◆ **EXERCISE REQUIREMENTS**:
In the material below, find the line containing "Suport pentru haine" and the line containing "Практика — в". Output those two lines and all lines between them exactly, without pictures.

━━ SUPPLIED ENTRIES ━━

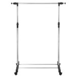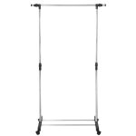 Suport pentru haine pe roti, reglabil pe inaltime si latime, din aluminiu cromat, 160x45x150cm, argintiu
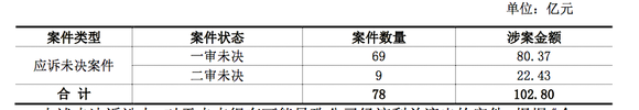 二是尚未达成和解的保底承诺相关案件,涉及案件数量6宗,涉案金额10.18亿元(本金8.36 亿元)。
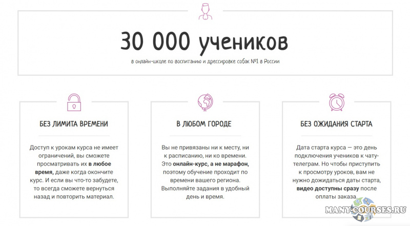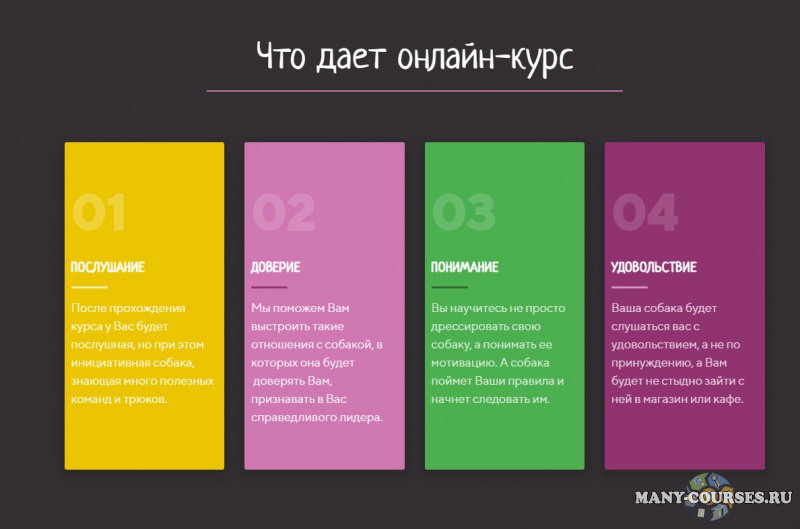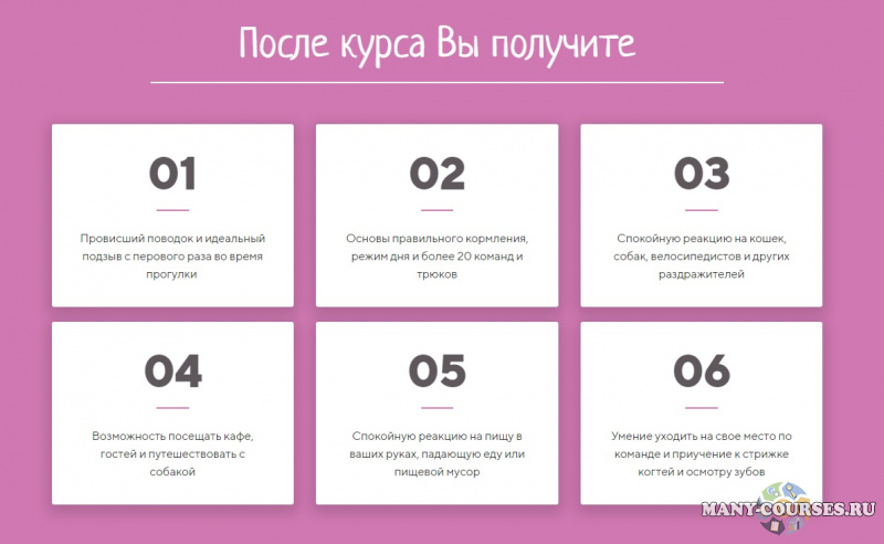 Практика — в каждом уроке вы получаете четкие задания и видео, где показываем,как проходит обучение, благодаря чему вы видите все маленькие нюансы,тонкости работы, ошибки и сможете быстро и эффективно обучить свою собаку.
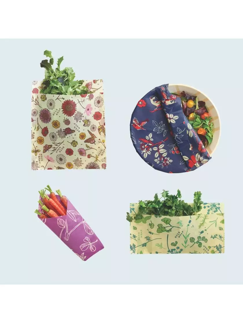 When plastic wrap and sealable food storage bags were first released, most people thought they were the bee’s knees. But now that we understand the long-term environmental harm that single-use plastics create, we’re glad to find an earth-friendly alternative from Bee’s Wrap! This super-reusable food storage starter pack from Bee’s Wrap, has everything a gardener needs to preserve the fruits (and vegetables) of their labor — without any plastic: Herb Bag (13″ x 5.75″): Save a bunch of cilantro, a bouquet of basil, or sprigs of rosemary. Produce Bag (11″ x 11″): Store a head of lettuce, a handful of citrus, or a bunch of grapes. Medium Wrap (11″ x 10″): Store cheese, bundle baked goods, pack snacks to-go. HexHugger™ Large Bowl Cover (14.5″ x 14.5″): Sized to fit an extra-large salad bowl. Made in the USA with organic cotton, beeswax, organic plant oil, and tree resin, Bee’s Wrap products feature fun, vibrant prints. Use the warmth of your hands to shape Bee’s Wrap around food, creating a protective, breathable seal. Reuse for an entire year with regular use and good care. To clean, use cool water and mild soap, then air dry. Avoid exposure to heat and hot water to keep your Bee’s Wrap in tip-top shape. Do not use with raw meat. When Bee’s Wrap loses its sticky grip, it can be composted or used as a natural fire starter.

━━━
━━ SUPPLIED ENTRIES ━━

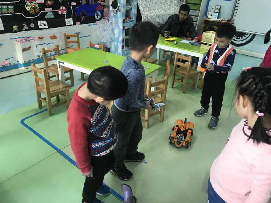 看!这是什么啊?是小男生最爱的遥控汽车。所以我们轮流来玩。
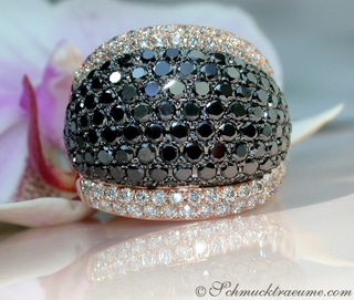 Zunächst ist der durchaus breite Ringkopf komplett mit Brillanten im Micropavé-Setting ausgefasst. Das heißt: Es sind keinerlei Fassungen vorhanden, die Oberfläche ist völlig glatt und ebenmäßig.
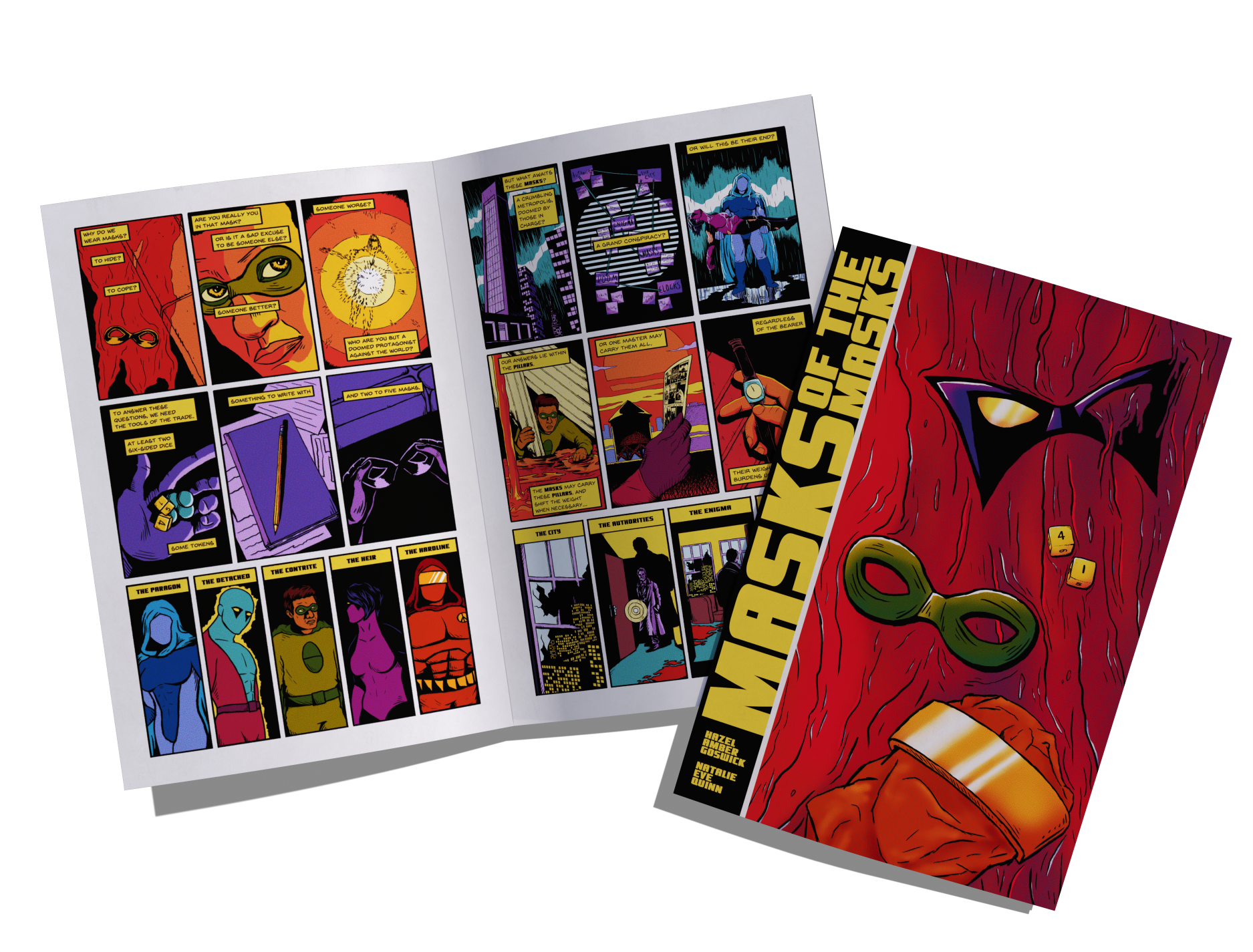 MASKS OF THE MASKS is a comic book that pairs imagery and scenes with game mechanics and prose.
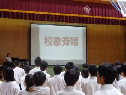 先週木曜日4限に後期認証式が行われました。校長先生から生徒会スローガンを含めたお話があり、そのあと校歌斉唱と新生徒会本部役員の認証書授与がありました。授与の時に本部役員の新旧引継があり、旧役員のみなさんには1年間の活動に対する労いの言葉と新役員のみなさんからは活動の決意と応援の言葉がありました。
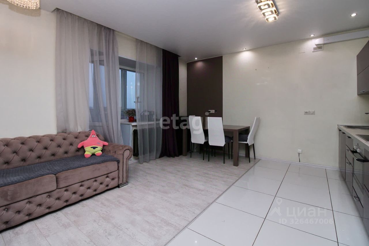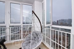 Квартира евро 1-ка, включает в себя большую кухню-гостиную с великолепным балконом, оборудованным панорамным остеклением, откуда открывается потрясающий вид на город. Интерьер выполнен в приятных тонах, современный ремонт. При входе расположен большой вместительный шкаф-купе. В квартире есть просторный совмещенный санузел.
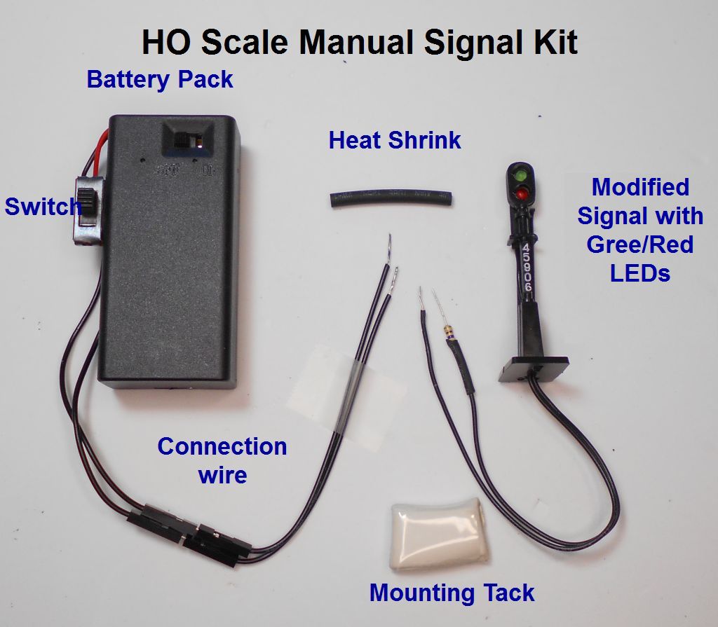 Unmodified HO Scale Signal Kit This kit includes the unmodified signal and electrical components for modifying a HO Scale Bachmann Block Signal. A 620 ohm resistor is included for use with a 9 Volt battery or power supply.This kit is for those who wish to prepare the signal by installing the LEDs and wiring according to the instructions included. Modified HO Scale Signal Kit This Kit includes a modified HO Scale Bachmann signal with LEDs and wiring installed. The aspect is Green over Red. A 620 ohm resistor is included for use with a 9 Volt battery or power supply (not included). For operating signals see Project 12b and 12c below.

━━━
━━ SUPPLIED ENTRIES ━━

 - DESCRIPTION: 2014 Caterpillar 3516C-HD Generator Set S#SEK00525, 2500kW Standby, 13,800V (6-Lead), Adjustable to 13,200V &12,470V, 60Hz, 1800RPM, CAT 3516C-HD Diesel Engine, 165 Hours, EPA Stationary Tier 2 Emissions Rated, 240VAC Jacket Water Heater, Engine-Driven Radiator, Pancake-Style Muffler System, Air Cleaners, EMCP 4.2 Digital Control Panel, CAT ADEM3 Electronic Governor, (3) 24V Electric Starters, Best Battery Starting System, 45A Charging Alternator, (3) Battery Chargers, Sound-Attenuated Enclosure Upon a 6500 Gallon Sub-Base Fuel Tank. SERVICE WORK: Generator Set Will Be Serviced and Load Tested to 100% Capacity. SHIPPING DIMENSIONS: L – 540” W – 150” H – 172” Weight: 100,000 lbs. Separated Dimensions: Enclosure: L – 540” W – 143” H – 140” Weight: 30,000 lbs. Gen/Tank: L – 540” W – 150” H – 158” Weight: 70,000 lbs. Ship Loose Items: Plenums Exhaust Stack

━━━

◆ **SOLUTION TO THE EXERCISE**:
 Suport pentru haine pe roti, reglabil pe inaltime si latime, din aluminiu cromat, 160x45x150cm, argintiu
 二是尚未达成和解的保底承诺相关案件,涉及案件数量6宗,涉案金额10.18亿元(本金8.36 亿元)。
 Практика — в каждом уроке вы получаете четкие задания и видео, где показываем,как проходит обучение, благодаря чему вы видите все маленькие нюансы,тонкости работы, ошибки и сможете быстро и эффективно обучить свою собаку.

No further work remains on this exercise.